What you are asked to do:
Where a record holds a picture, leave the picture out; otherwise repeat every record exactly.

Task inputs:
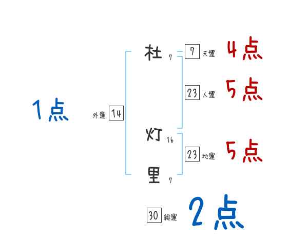 総運![]() | 杜灯里さんの総運は30画の2つ星!浮き沈みの激しさに注意しましょう。 あなたの人生を表す1番重要な運勢です。生涯を通じて影響する総合運となり、主に50歳以降の晩年期に影響を及ぼします。 |
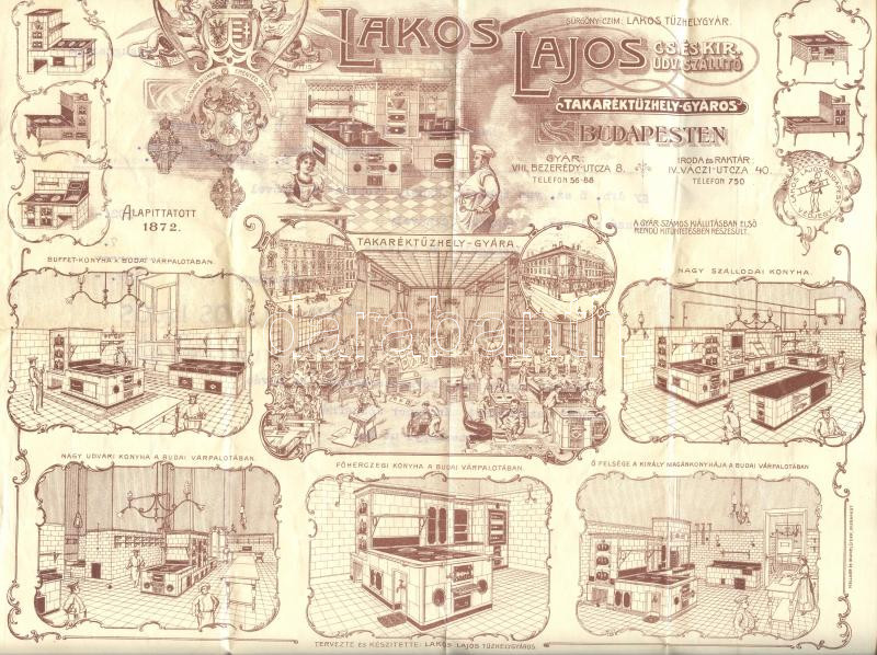 Lakos Lajos takaréktűzhely-gyáros díszes reklámos számlája és egy Hube...
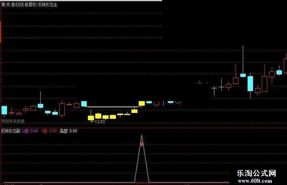 周末无聊,将论坛大神的三个不同的反转形态(分别是V型反转,U型反转和岛形反转)组合在一个指标里,更加方便看图,觉得有用的就拿去耍.向原作者致敬,有改动,侵删! 指标里有主图和副图两个.
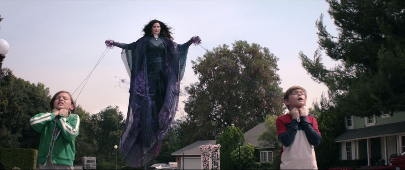 เหตุการณ์ครั้งนี้ตกอยู่ในสายตาของแม่มดโบราณคนหนึ่งที่มีชื่อว่า อกาธา ฮาร์กเนส เธอได้ปลอมตัวมาเพื่อสืบหาความสามารถที่แท้จริงของวานด้า พร้อมกระตุ้นให้พลังของเธอเติบโตขึ้นมากกว่าเดิม และเธอก็ได้เป็นสักขีพยานในการที่วานด้าใช้พลังของตัวเอง สร้างลูกฝาแฝดขึ้นมา นั่นคือ บิลลี่ และทอมมี่ เด็กน้อยแสนน่ารักเติบโตขึ้นมาและกลายเป็นแก้วตาดวงใจของวานด้า ขณะเดียวกันนั้น วิชั่นก็เริ่มรู้สึกไม่ชอบมาพากลกับเหตุการณ์ที่เกิดขึ้น และเริ่มสืบหาความจริง จนเขาสามารถทะลุออกไปจากกำแพงมิติที่วานด้าสร้างขึ้น พบว่าทั้งหมดนี้ไม่ใช่เรื่องจริง และภายนอกมีหน่วยของซอร์ดคอยสังเกตการณ์ และพยายามช่วยคนในเมืองอยู่
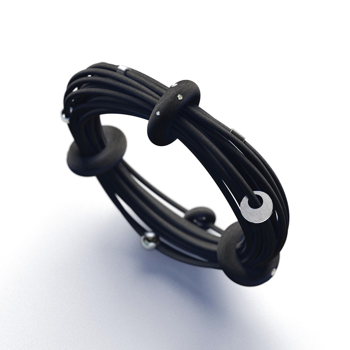bangle made of black rubber cord and rings. set with 9 round brilliant cut diamonds 0.14ct. H/Si, mounted in 18K gray gold bezels.
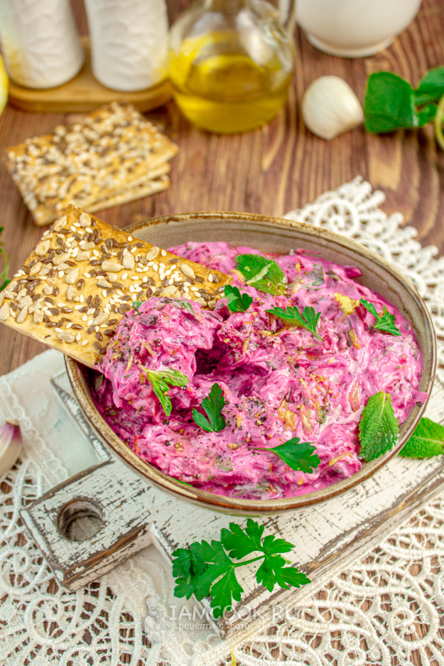 Готовый соус подавайте охлажденным с крекерами или с чем любите. Перед подачей соус Цацики со свеклой полейте небольшим количеством оливкового масла. Приятного аппетита!!!
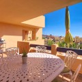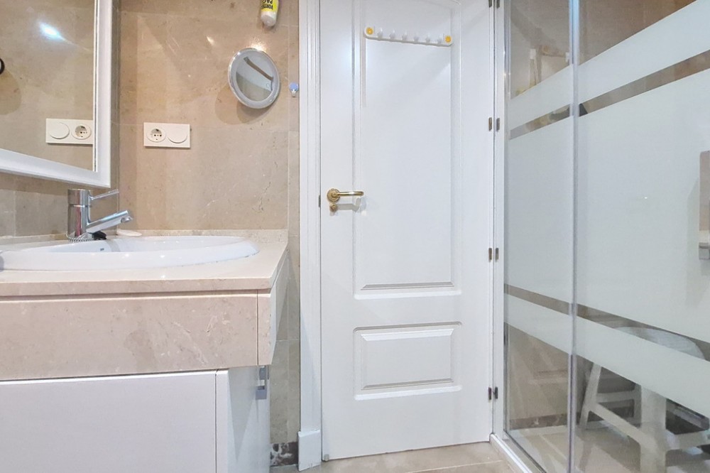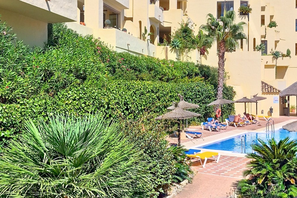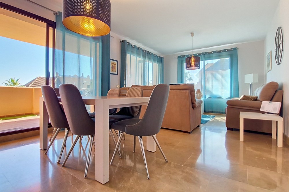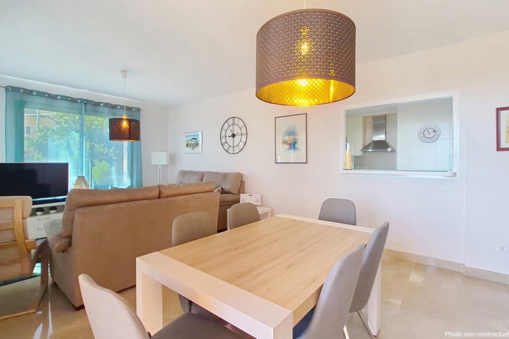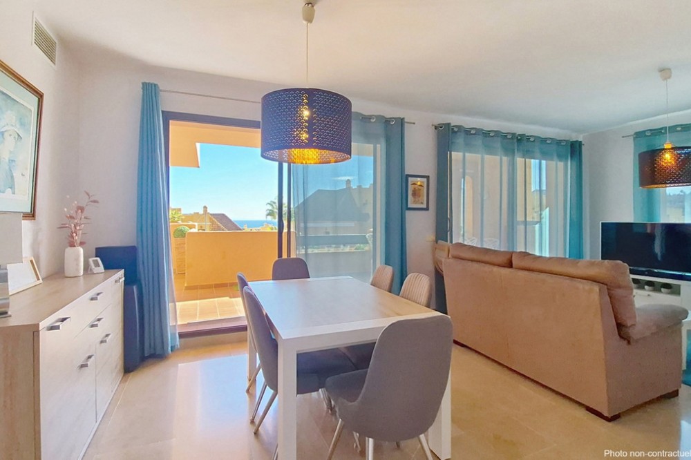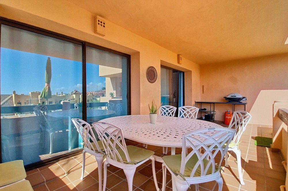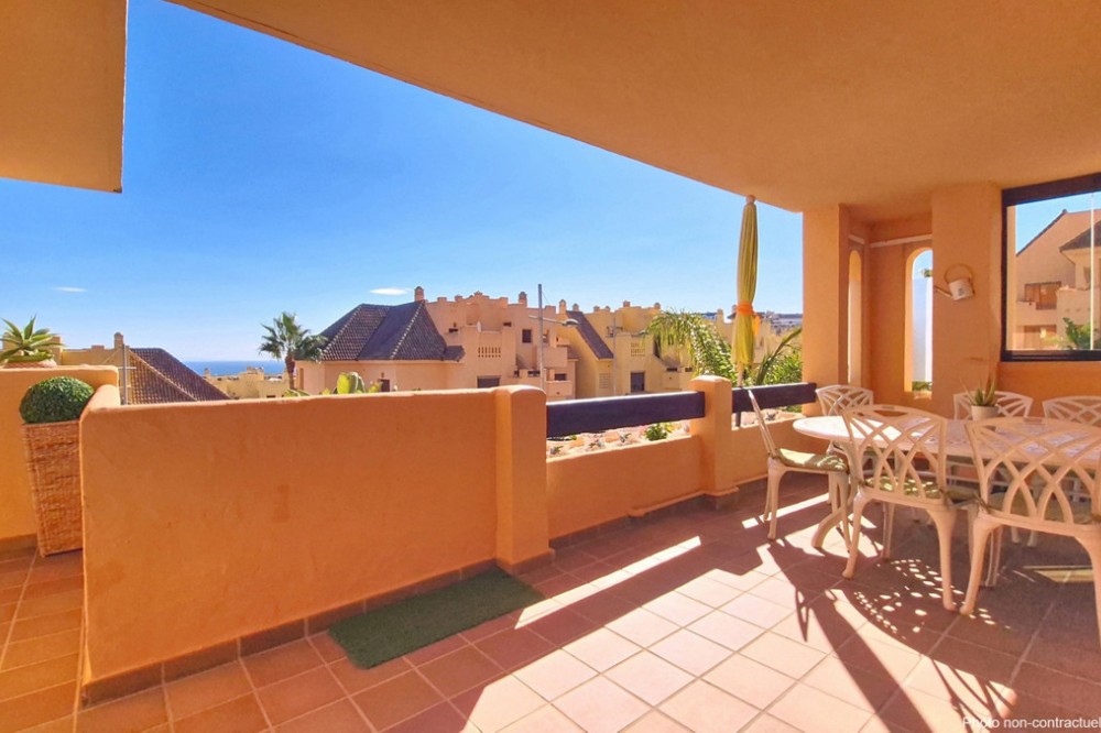 - Located in a prestigious residential area close to the Duquesa marina, this apartment offers beautiful views of the sea and the golf course. It is a very bright first floor with an ideal layout. Its 50-square-metre terrace allows you to enjoy the outdoors all day long. It consists of three bedrooms, the master one being en-suite. The other two share the same bathroom and enjoy views of the green areas of the development. It also features a large fully-equipped kitchen, a laundry room and a spacious living room with sea views. A parking space and a large storage room are included in the price. The residential complex offers 24-hour security, five swimming pools, a children’s play area and paddle-tennis courts. With an ideal location for golf lovers, the beautiful beaches of La Duquesa are only a few minutes away from the property. The apartment is just a few kilometres from Estepona, Sotogrande, and 30 minutes from Gibraltar and Marbella. Amenities such as supermarkets, restaurants, schools and motorways are close by.
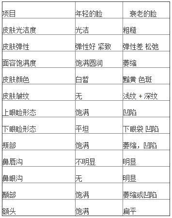我们先来看一张年轻的脸和一张衰老的脸究竟有什么的不同和特征,下面是一个比较图表:
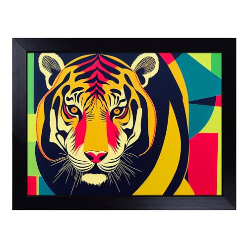 Cushioned Lap Tray with Bean Bag Base for Laptop & Eating – Colourful Tiger Abstract Design | Padded Lap Desk for Sofa, Bed & Work | Portable TV Dinner & Breakfast Tray, Easy Clean Surface
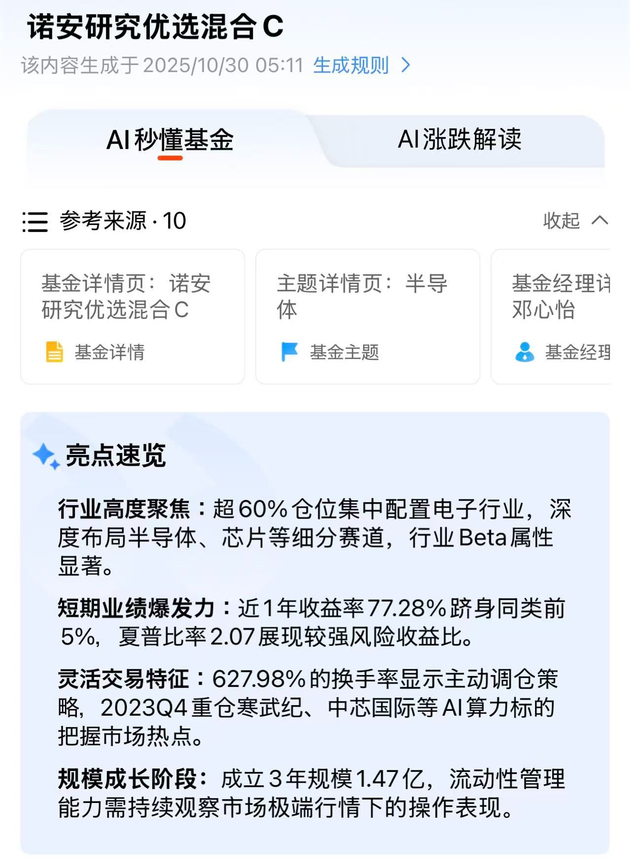 今天算是看明白了,监管层查伪科技股,那些没业绩的全跌崩了,半导体板块一片狼藉,诺安研究优选混合C(014497)却涨0.71%,成了唯一红盘。它持仓的企业要么有大基金加持,要么刚拿到融资,都是有真东西的,这种才抗跌。#飞天茅台批发价跌破1700!酒价何时触底?#
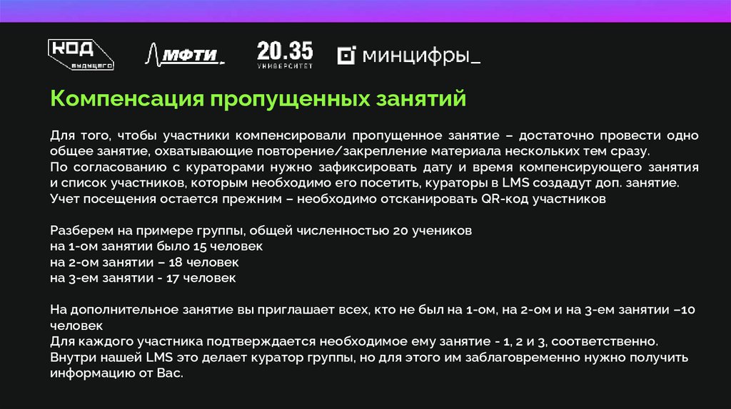 Компенсация пропущенных занятийДля того, чтобы участники компенсировали пропущенное занятие – достаточно провести одно
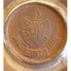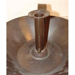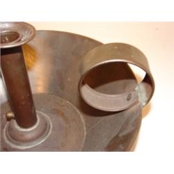 EARLY TIN PUSH-UP CANDLESTICK with basin. Heavily polished. Marked on bottom "London-B P & S" with crest. 3" H, 10" Dia.
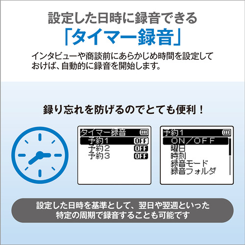 ●設定した日時で録音できる「タイマー録音」機能を搭載しています。一例として「毎週水曜」や「毎日」といった特定の周期での録音も可能です。
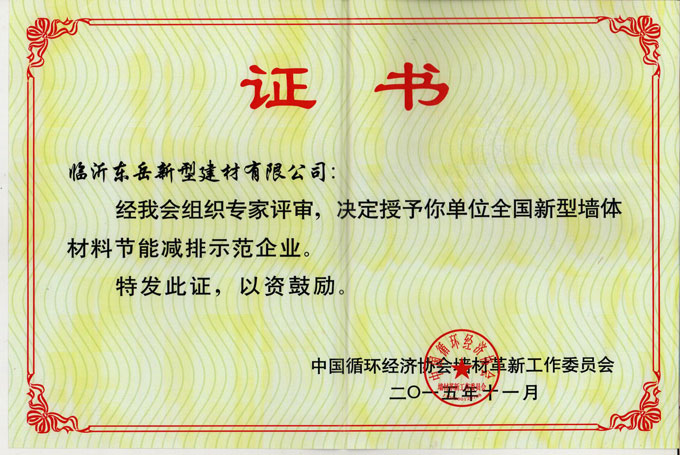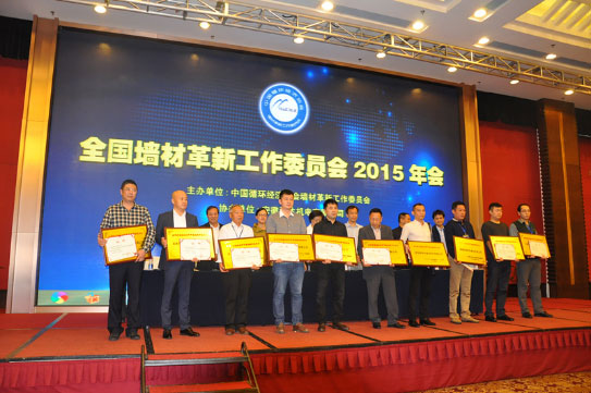 11月12日~13日,全國墻材革新工作委員會(huì )在廣東佛山組織召開(kāi)了2015年年會(huì )。會(huì )上、臨沂東岳新型建材有限公司等第一批145家企業(yè)受到全國墻材革新工作委員會(huì )的通報表彰,被授予全國新型墻體材料節能減排示范企業(yè),東岳建材作為示范企業(yè)代表進(jìn)行發(fā)言,交流了經(jīng)驗。
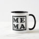 Mema Coffee Mug. This coffee mug is a perfect gift for any grandmother who is called Mema instead of Grandma. The black and white square design, which says Mema, is simple, minimalist, sleek, clean, modern, and contemporary.
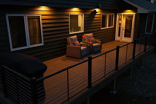A 10’ x 29’ composite deck in Eden Prairie built with Trex Toasted Sand and AFCO cable railings, featuring elegant

The completed task:
 総運![]() | 杜灯里さんの総運は30画の2つ星!浮き沈みの激しさに注意しましょう。 あなたの人生を表す1番重要な運勢です。生涯を通じて影響する総合運となり、主に50歳以降の晩年期に影響を及ぼします。 |
 Lakos Lajos takaréktűzhely-gyáros díszes reklámos számlája és egy Hube...
 周末无聊,将论坛大神的三个不同的反转形态(分别是V型反转,U型反转和岛形反转)组合在一个指标里,更加方便看图,觉得有用的就拿去耍.向原作者致敬,有改动,侵删! 指标里有主图和副图两个.
 เหตุการณ์ครั้งนี้ตกอยู่ในสายตาของแม่มดโบราณคนหนึ่งที่มีชื่อว่า อกาธา ฮาร์กเนส เธอได้ปลอมตัวมาเพื่อสืบหาความสามารถที่แท้จริงของวานด้า พร้อมกระตุ้นให้พลังของเธอเติบโตขึ้นมากกว่าเดิม และเธอก็ได้เป็นสักขีพยานในการที่วานด้าใช้พลังของตัวเอง สร้างลูกฝาแฝดขึ้นมา นั่นคือ บิลลี่ และทอมมี่ เด็กน้อยแสนน่ารักเติบโตขึ้นมาและกลายเป็นแก้วตาดวงใจของวานด้า ขณะเดียวกันนั้น วิชั่นก็เริ่มรู้สึกไม่ชอบมาพากลกับเหตุการณ์ที่เกิดขึ้น และเริ่มสืบหาความจริง จนเขาสามารถทะลุออกไปจากกำแพงมิติที่วานด้าสร้างขึ้น พบว่าทั้งหมดนี้ไม่ใช่เรื่องจริง และภายนอกมีหน่วยของซอร์ดคอยสังเกตการณ์ และพยายามช่วยคนในเมืองอยู่
bangle made of black rubber cord and rings. set with 9 round brilliant cut diamonds 0.14ct. H/Si, mounted in 18K gray gold bezels.
 Готовый соус подавайте охлажденным с крекерами или с чем любите. Перед подачей соус Цацики со свеклой полейте небольшим количеством оливкового масла. Приятного аппетита!!!
 - Located in a prestigious residential area close to the Duquesa marina, this apartment offers beautiful views of the sea and the golf course. It is a very bright first floor with an ideal layout. Its 50-square-metre terrace allows you to enjoy the outdoors all day long. It consists of three bedrooms, the master one being en-suite. The other two share the same bathroom and enjoy views of the green areas of the development. It also features a large fully-equipped kitchen, a laundry room and a spacious living room with sea views. A parking space and a large storage room are included in the price. The residential complex offers 24-hour security, five swimming pools, a children’s play area and paddle-tennis courts. With an ideal location for golf lovers, the beautiful beaches of La Duquesa are only a few minutes away from the property. The apartment is just a few kilometres from Estepona, Sotogrande, and 30 minutes from Gibraltar and Marbella. Amenities such as supermarkets, restaurants, schools and motorways are close by.
我们先来看一张年轻的脸和一张衰老的脸究竟有什么的不同和特征,下面是一个比较图表:
 Cushioned Lap Tray with Bean Bag Base for Laptop & Eating – Colourful Tiger Abstract Design | Padded Lap Desk for Sofa, Bed & Work | Portable TV Dinner & Breakfast Tray, Easy Clean Surface
 今天算是看明白了,监管层查伪科技股,那些没业绩的全跌崩了,半导体板块一片狼藉,诺安研究优选混合C(014497)却涨0.71%,成了唯一红盘。它持仓的企业要么有大基金加持,要么刚拿到融资,都是有真东西的,这种才抗跌。#飞天茅台批发价跌破1700!酒价何时触底?#
 Компенсация пропущенных занятийДля того, чтобы участники компенсировали пропущенное занятие – достаточно провести одно
 EARLY TIN PUSH-UP CANDLESTICK with basin. Heavily polished. Marked on bottom "London-B P & S" with crest. 3" H, 10" Dia.
 ●設定した日時で録音できる「タイマー録音」機能を搭載しています。一例として「毎週水曜」や「毎日」といった特定の周期での録音も可能です。
 11月12日~13日,全國墻材革新工作委員會(huì )在廣東佛山組織召開(kāi)了2015年年會(huì )。會(huì )上、臨沂東岳新型建材有限公司等第一批145家企業(yè)受到全國墻材革新工作委員會(huì )的通報表彰,被授予全國新型墻體材料節能減排示范企業(yè),東岳建材作為示范企業(yè)代表進(jìn)行發(fā)言,交流了經(jīng)驗。
 Mema Coffee Mug. This coffee mug is a perfect gift for any grandmother who is called Mema instead of Grandma. The black and white square design, which says Mema, is simple, minimalist, sleek, clean, modern, and contemporary.
A 10’ x 29’ composite deck in Eden Prairie built with Trex Toasted Sand and AFCO cable railings, featuring elegant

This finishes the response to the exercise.